*** Given data ***

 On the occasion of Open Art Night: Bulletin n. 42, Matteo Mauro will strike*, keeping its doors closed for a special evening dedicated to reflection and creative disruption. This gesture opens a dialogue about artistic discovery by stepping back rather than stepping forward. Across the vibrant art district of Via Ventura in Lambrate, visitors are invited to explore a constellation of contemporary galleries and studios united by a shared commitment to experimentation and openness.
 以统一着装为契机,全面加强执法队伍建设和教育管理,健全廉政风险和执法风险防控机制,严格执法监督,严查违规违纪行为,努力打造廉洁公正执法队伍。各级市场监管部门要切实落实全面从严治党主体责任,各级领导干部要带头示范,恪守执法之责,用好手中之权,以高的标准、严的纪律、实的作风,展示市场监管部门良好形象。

*** End of Given data ***
*** Given data ***

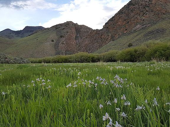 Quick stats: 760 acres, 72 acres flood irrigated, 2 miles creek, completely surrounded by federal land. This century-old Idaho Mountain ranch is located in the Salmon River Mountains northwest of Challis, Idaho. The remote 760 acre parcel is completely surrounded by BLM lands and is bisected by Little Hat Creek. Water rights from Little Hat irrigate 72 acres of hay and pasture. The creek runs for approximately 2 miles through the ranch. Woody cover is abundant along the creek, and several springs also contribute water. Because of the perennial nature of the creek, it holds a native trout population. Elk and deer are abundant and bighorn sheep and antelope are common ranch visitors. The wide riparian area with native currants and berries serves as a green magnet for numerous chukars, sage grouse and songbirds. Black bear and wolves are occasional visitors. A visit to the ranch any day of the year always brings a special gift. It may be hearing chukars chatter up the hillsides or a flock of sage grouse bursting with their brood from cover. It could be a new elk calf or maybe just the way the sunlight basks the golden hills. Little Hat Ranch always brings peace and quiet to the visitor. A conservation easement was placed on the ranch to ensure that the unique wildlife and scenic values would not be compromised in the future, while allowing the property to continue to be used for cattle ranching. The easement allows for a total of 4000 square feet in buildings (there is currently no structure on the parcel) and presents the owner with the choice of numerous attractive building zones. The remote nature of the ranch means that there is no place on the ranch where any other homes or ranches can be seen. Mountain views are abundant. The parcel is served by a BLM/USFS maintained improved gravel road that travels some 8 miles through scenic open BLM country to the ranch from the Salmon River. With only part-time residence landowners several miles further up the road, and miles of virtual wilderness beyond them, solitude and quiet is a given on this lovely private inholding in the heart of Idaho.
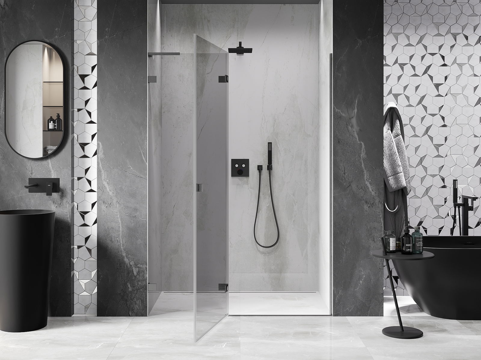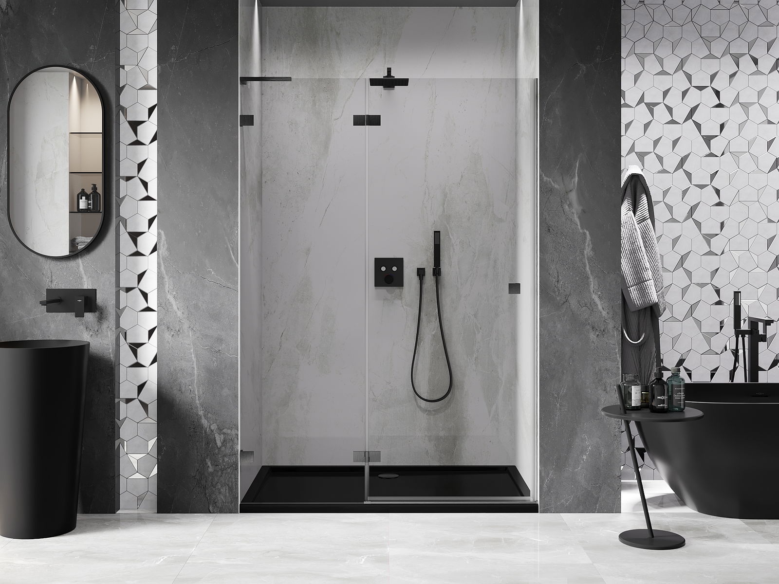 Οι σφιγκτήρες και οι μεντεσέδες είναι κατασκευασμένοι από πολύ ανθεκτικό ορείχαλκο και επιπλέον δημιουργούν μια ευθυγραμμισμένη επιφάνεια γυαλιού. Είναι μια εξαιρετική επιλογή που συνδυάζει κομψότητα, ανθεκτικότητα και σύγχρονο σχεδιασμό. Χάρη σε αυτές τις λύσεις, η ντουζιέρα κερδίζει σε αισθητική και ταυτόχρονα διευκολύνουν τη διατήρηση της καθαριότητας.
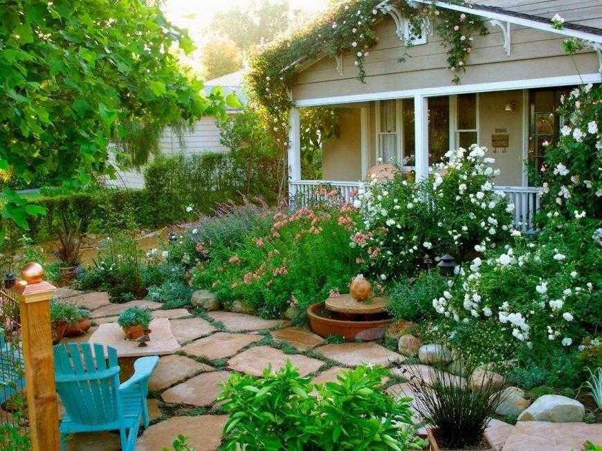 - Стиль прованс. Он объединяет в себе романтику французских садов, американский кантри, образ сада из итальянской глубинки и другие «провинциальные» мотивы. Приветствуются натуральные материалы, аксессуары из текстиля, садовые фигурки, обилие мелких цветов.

*** End of Given data ***

The reply should consist solely of the lines above from the one that has "On the occasion" through the one that has "以统一着装为契机,全面加强执", reproduced exactly.

 On the occasion of Open Art Night: Bulletin n. 42, Matteo Mauro will strike*, keeping its doors closed for a special evening dedicated to reflection and creative disruption. This gesture opens a dialogue about artistic discovery by stepping back rather than stepping forward. Across the vibrant art district of Via Ventura in Lambrate, visitors are invited to explore a constellation of contemporary galleries and studios united by a shared commitment to experimentation and openness.
 以统一着装为契机,全面加强执法队伍建设和教育管理,健全廉政风险和执法风险防控机制,严格执法监督,严查违规违纪行为,努力打造廉洁公正执法队伍。各级市场监管部门要切实落实全面从严治党主体责任,各级领导干部要带头示范,恪守执法之责,用好手中之权,以高的标准、严的纪律、实的作风,展示市场监管部门良好形象。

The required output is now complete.